◆ THE TASK: Exclude the images, then return every line below exactly as written.

◆ DATA SEGMENT:
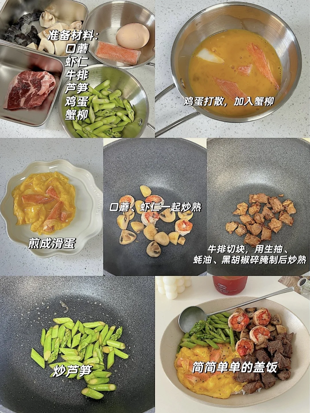 拒绝没有味道的水煮菜, 宅家自己做的漂亮饭[拍立得R] ✨蟹柳炒饭🥣 ✨贝贝南瓜芦笋虾仁沙拉🥗 ✨芦笋虾仁口蘑滑蛋盖饭🍱 ✨牛排蟹柳滑蛋芦笋盖饭🍱 ✨辣椒炒牛筋丸滑蛋盖饭🍱 ✨牛肉生菜虾仁滑蛋盖饭🍱 吃饭迷茫期就来看看吃什么 优质蛋白,维生素,碳水看过来[清单R] 喜欢吃牛肉和虾[红色心形R]
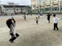 短縄跳びカードを使って新しい技にチャレンジしています。休み時間、短縄跳びに取り組...
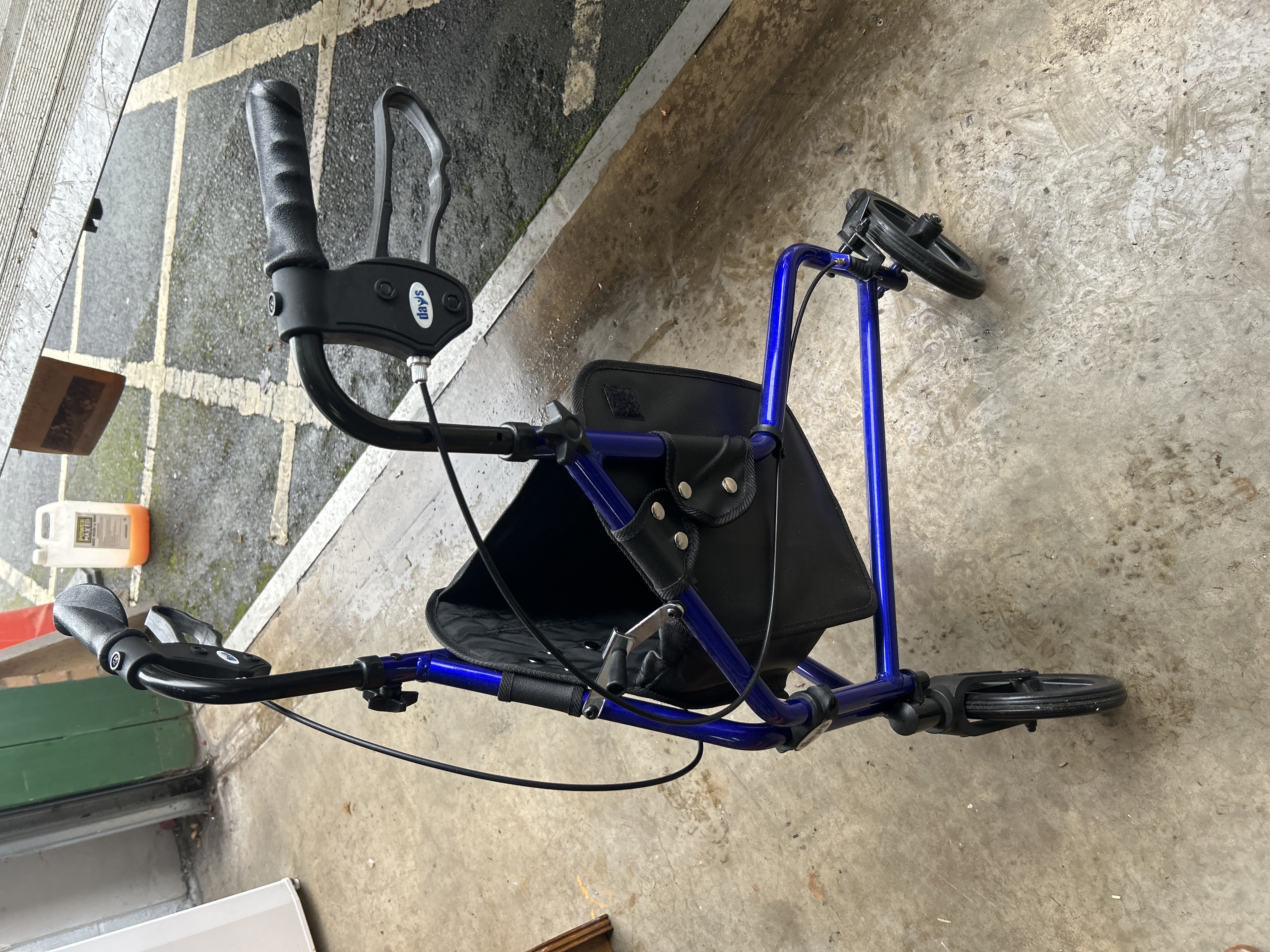 A Days brand three-wheeled mobility walker, also known as a tri-walker, featuring a blue-finished metal frame. The apparatus is equipped with height-adjustable handles and ergonomic black rubber grips. It includes integrated dual-lever hand brakes and a detachable black canvas storage bag secured with snap fasteners. The walker stands on three solid black wheels. The Days brand name is visible on a decal on the right brake assembly.

◆ EXERCISE OUTPUT:
 拒绝没有味道的水煮菜, 宅家自己做的漂亮饭[拍立得R] ✨蟹柳炒饭🥣 ✨贝贝南瓜芦笋虾仁沙拉🥗 ✨芦笋虾仁口蘑滑蛋盖饭🍱 ✨牛排蟹柳滑蛋芦笋盖饭🍱 ✨辣椒炒牛筋丸滑蛋盖饭🍱 ✨牛肉生菜虾仁滑蛋盖饭🍱 吃饭迷茫期就来看看吃什么 优质蛋白,维生素,碳水看过来[清单R] 喜欢吃牛肉和虾[红色心形R]
 短縄跳びカードを使って新しい技にチャレンジしています。休み時間、短縄跳びに取り組...
 A Days brand three-wheeled mobility walker, also known as a tri-walker, featuring a blue-finished metal frame. The apparatus is equipped with height-adjustable handles and ergonomic black rubber grips. It includes integrated dual-lever hand brakes and a detachable black canvas storage bag secured with snap fasteners. The walker stands on three solid black wheels. The Days brand name is visible on a decal on the right brake assembly.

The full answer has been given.